Please retype the listing below word for word and exclude its images.

:: INFORMATION SHOWN ::

···

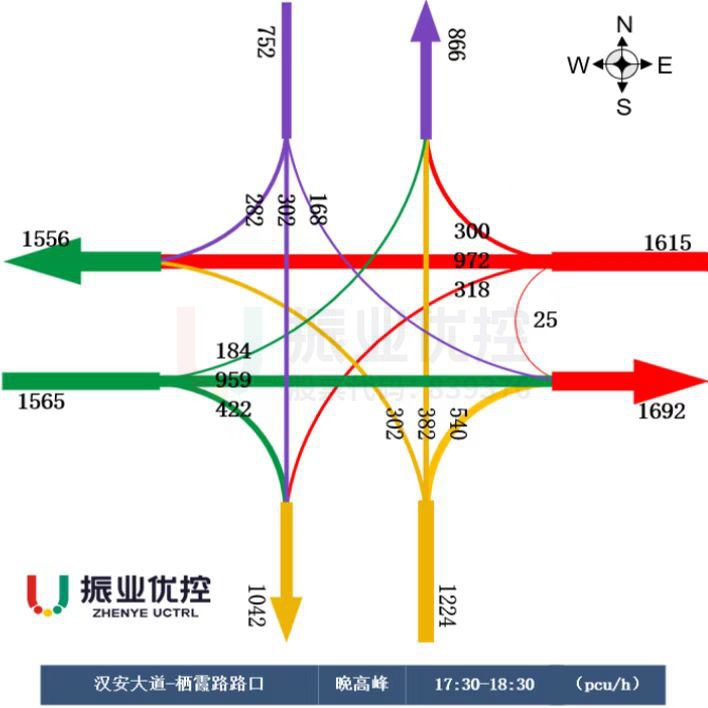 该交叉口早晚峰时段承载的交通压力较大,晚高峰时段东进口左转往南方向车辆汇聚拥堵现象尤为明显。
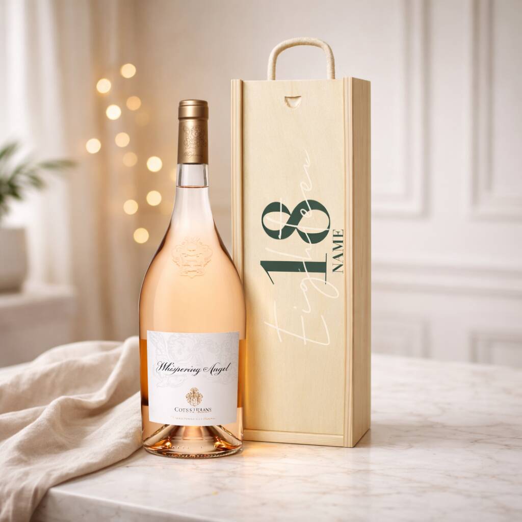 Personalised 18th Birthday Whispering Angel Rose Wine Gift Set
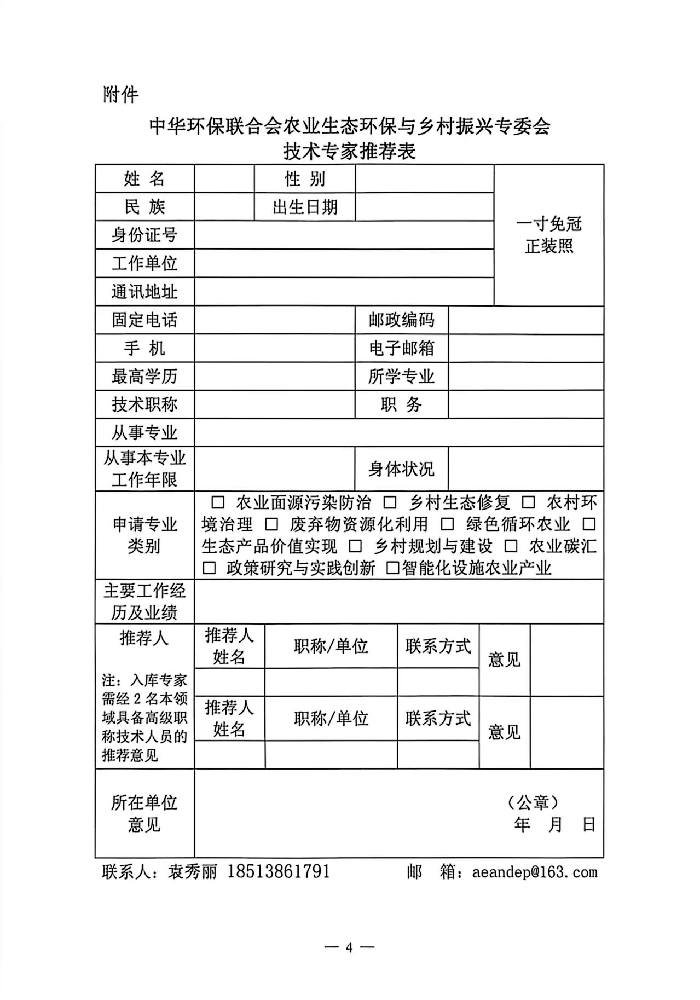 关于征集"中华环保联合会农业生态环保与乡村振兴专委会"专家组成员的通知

···

:: ANSWER TO THE PROBLEM ::
 该交叉口早晚峰时段承载的交通压力较大,晚高峰时段东进口左转往南方向车辆汇聚拥堵现象尤为明显。
 Personalised 18th Birthday Whispering Angel Rose Wine Gift Set
 关于征集"中华环保联合会农业生态环保与乡村振兴专委会"专家组成员的通知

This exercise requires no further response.